▶ **The problem**
A faithful copy of the data, pictures omitted, is the required answer.

▶ **Material provided**
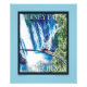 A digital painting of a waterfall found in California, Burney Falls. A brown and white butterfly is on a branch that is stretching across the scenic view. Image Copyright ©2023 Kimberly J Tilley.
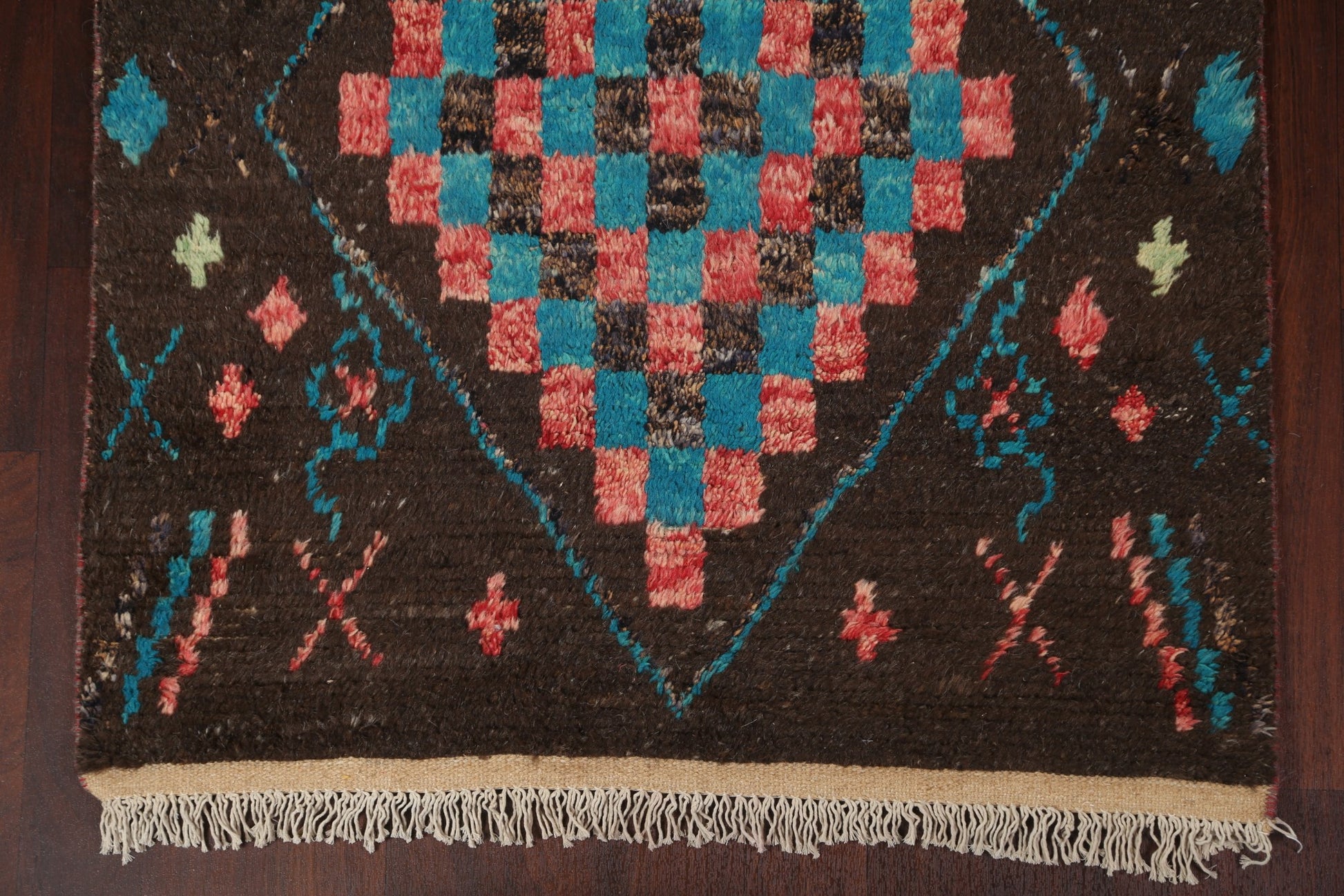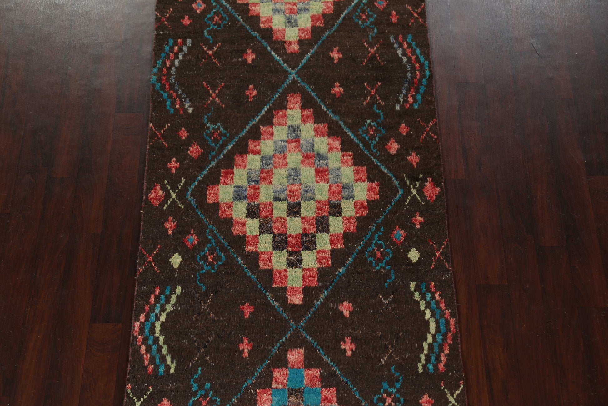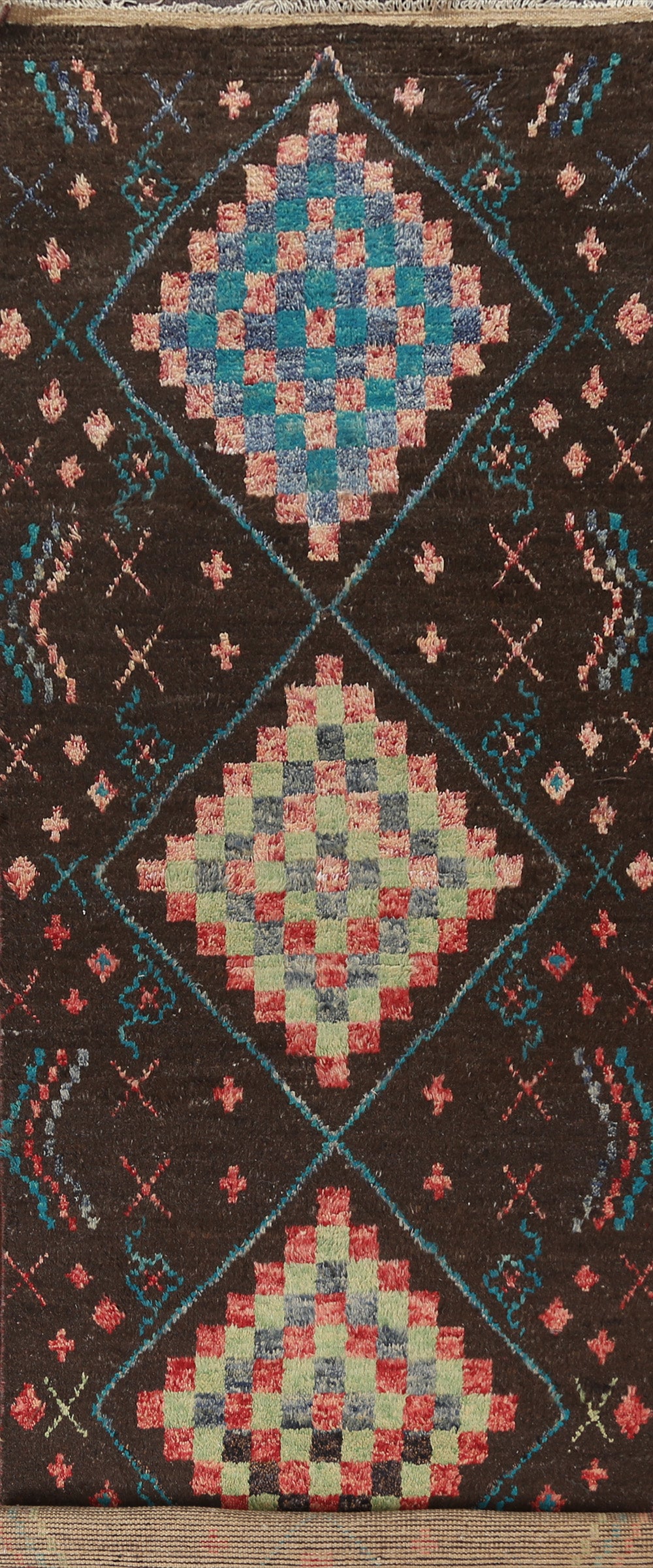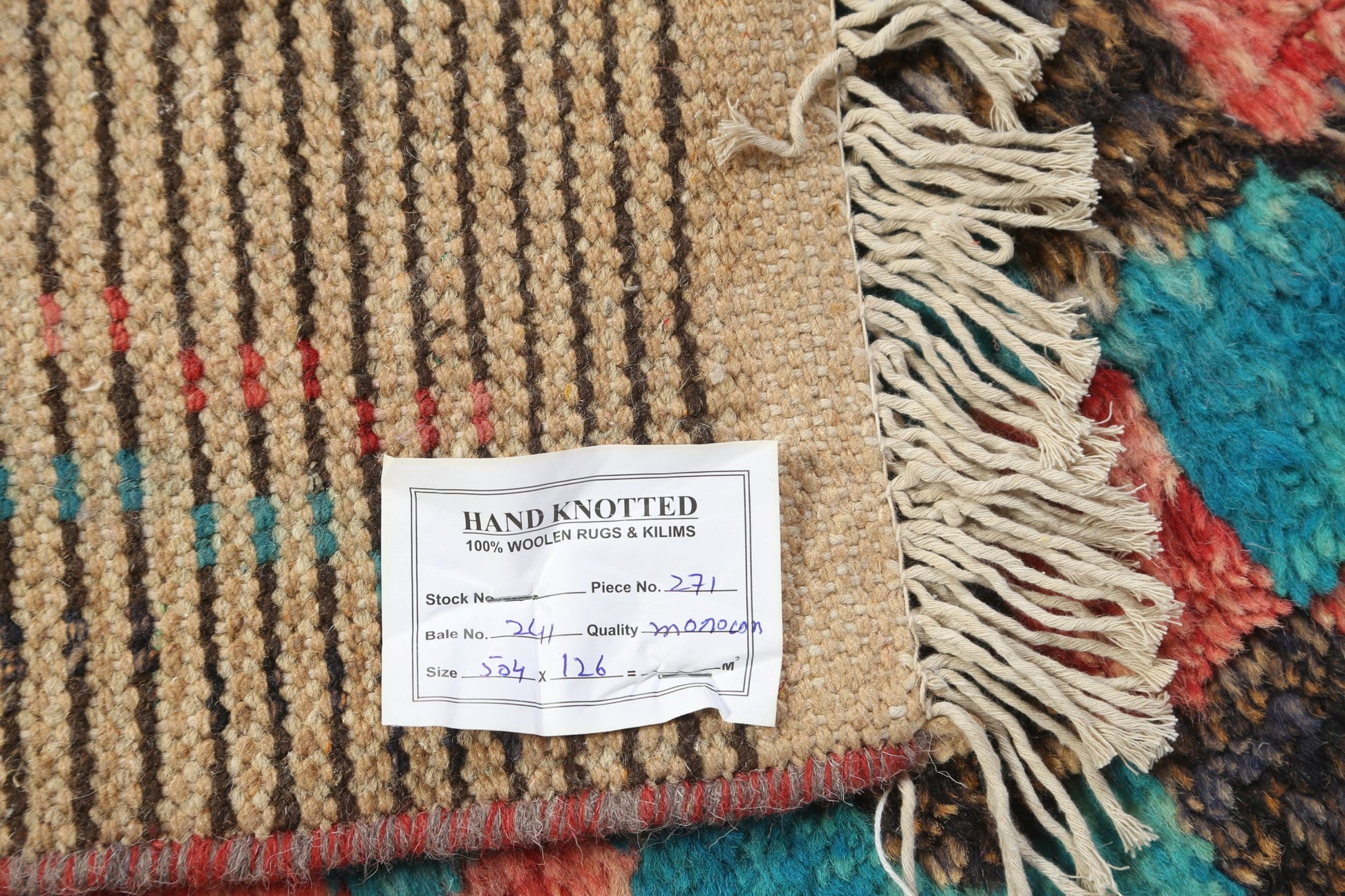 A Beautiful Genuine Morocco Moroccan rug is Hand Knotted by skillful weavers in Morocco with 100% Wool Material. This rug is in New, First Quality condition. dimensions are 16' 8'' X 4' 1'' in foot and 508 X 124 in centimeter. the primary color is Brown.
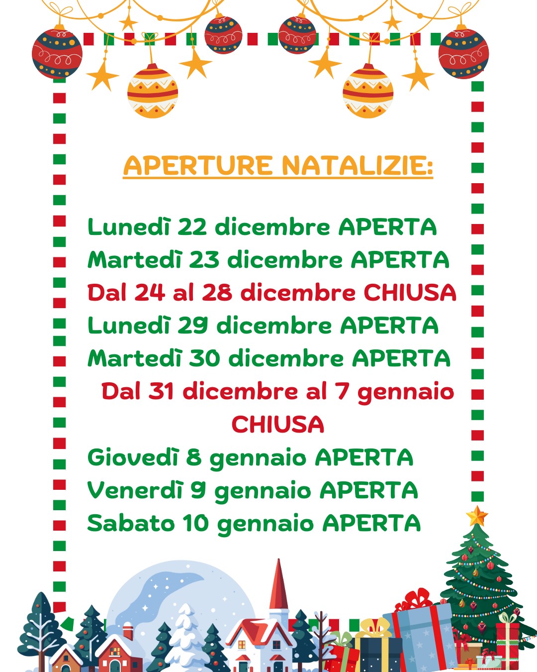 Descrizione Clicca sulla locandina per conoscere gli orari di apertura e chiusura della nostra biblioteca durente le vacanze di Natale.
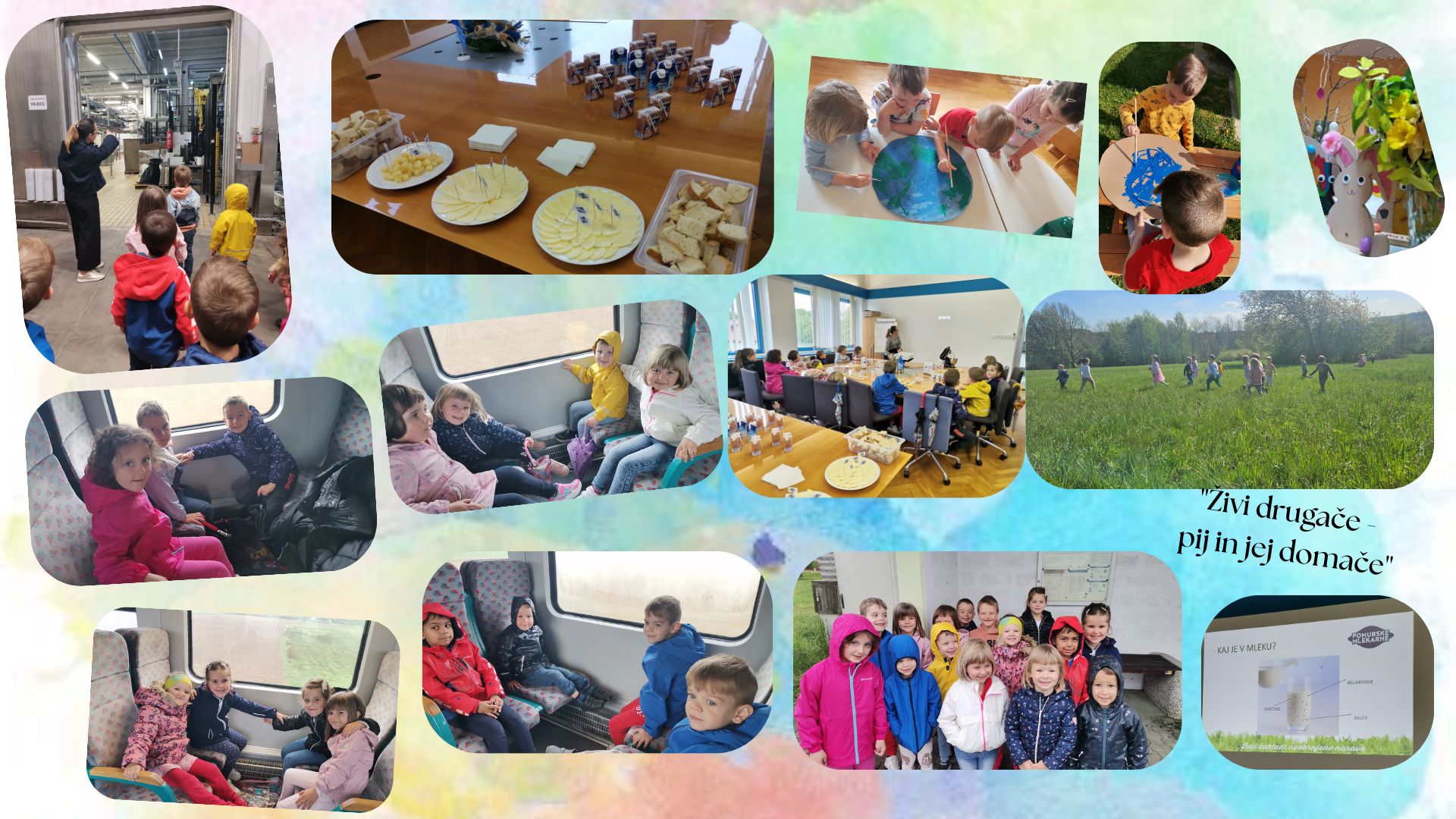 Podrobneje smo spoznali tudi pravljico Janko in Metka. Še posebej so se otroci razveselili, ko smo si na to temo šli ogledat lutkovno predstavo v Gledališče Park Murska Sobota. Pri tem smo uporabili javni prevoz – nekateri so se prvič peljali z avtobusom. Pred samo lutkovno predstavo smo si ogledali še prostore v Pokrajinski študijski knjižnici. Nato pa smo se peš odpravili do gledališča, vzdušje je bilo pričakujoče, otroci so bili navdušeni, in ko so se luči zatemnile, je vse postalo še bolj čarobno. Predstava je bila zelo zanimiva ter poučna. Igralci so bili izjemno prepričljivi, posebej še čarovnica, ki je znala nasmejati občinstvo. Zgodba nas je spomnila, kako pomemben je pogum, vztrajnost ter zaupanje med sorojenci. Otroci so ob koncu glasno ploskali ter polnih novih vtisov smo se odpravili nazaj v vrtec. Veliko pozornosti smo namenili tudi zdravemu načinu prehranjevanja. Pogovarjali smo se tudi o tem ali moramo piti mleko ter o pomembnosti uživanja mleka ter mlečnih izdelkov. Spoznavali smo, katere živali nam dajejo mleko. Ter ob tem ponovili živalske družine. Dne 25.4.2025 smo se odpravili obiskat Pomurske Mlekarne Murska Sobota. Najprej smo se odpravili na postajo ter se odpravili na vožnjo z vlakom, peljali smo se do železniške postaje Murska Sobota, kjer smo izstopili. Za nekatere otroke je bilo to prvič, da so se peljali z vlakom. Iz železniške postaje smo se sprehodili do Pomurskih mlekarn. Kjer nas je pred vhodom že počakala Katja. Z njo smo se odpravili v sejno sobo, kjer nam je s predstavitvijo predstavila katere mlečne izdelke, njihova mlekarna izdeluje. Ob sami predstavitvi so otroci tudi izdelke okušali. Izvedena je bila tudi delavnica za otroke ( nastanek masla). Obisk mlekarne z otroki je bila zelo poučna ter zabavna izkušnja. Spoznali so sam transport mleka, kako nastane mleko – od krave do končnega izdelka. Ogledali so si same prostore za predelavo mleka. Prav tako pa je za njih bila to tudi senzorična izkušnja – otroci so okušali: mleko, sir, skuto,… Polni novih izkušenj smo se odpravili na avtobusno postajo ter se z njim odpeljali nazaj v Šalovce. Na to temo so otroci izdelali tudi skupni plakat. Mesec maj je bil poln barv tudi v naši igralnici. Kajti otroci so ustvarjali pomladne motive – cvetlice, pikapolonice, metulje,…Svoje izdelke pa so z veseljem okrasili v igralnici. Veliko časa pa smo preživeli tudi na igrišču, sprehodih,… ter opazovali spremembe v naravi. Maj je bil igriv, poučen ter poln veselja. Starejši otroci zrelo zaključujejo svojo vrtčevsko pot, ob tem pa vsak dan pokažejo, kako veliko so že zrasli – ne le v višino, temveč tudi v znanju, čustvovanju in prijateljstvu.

▶ **Result for this exercise**
 A digital painting of a waterfall found in California, Burney Falls. A brown and white butterfly is on a branch that is stretching across the scenic view. Image Copyright ©2023 Kimberly J Tilley.
 A Beautiful Genuine Morocco Moroccan rug is Hand Knotted by skillful weavers in Morocco with 100% Wool Material. This rug is in New, First Quality condition. dimensions are 16' 8'' X 4' 1'' in foot and 508 X 124 in centimeter. the primary color is Brown.
 Descrizione Clicca sulla locandina per conoscere gli orari di apertura e chiusura della nostra biblioteca durente le vacanze di Natale.
 Podrobneje smo spoznali tudi pravljico Janko in Metka. Še posebej so se otroci razveselili, ko smo si na to temo šli ogledat lutkovno predstavo v Gledališče Park Murska Sobota. Pri tem smo uporabili javni prevoz – nekateri so se prvič peljali z avtobusom. Pred samo lutkovno predstavo smo si ogledali še prostore v Pokrajinski študijski knjižnici. Nato pa smo se peš odpravili do gledališča, vzdušje je bilo pričakujoče, otroci so bili navdušeni, in ko so se luči zatemnile, je vse postalo še bolj čarobno. Predstava je bila zelo zanimiva ter poučna. Igralci so bili izjemno prepričljivi, posebej še čarovnica, ki je znala nasmejati občinstvo. Zgodba nas je spomnila, kako pomemben je pogum, vztrajnost ter zaupanje med sorojenci. Otroci so ob koncu glasno ploskali ter polnih novih vtisov smo se odpravili nazaj v vrtec. Veliko pozornosti smo namenili tudi zdravemu načinu prehranjevanja. Pogovarjali smo se tudi o tem ali moramo piti mleko ter o pomembnosti uživanja mleka ter mlečnih izdelkov. Spoznavali smo, katere živali nam dajejo mleko. Ter ob tem ponovili živalske družine. Dne 25.4.2025 smo se odpravili obiskat Pomurske Mlekarne Murska Sobota. Najprej smo se odpravili na postajo ter se odpravili na vožnjo z vlakom, peljali smo se do železniške postaje Murska Sobota, kjer smo izstopili. Za nekatere otroke je bilo to prvič, da so se peljali z vlakom. Iz železniške postaje smo se sprehodili do Pomurskih mlekarn. Kjer nas je pred vhodom že počakala Katja. Z njo smo se odpravili v sejno sobo, kjer nam je s predstavitvijo predstavila katere mlečne izdelke, njihova mlekarna izdeluje. Ob sami predstavitvi so otroci tudi izdelke okušali. Izvedena je bila tudi delavnica za otroke ( nastanek masla). Obisk mlekarne z otroki je bila zelo poučna ter zabavna izkušnja. Spoznali so sam transport mleka, kako nastane mleko – od krave do končnega izdelka. Ogledali so si same prostore za predelavo mleka. Prav tako pa je za njih bila to tudi senzorična izkušnja – otroci so okušali: mleko, sir, skuto,… Polni novih izkušenj smo se odpravili na avtobusno postajo ter se z njim odpeljali nazaj v Šalovce. Na to temo so otroci izdelali tudi skupni plakat. Mesec maj je bil poln barv tudi v naši igralnici. Kajti otroci so ustvarjali pomladne motive – cvetlice, pikapolonice, metulje,…Svoje izdelke pa so z veseljem okrasili v igralnici. Veliko časa pa smo preživeli tudi na igrišču, sprehodih,… ter opazovali spremembe v naravi. Maj je bil igriv, poučen ter poln veselja. Starejši otroci zrelo zaključujejo svojo vrtčevsko pot, ob tem pa vsak dan pokažejo, kako veliko so že zrasli – ne le v višino, temveč tudi v znanju, čustvovanju in prijateljstvu.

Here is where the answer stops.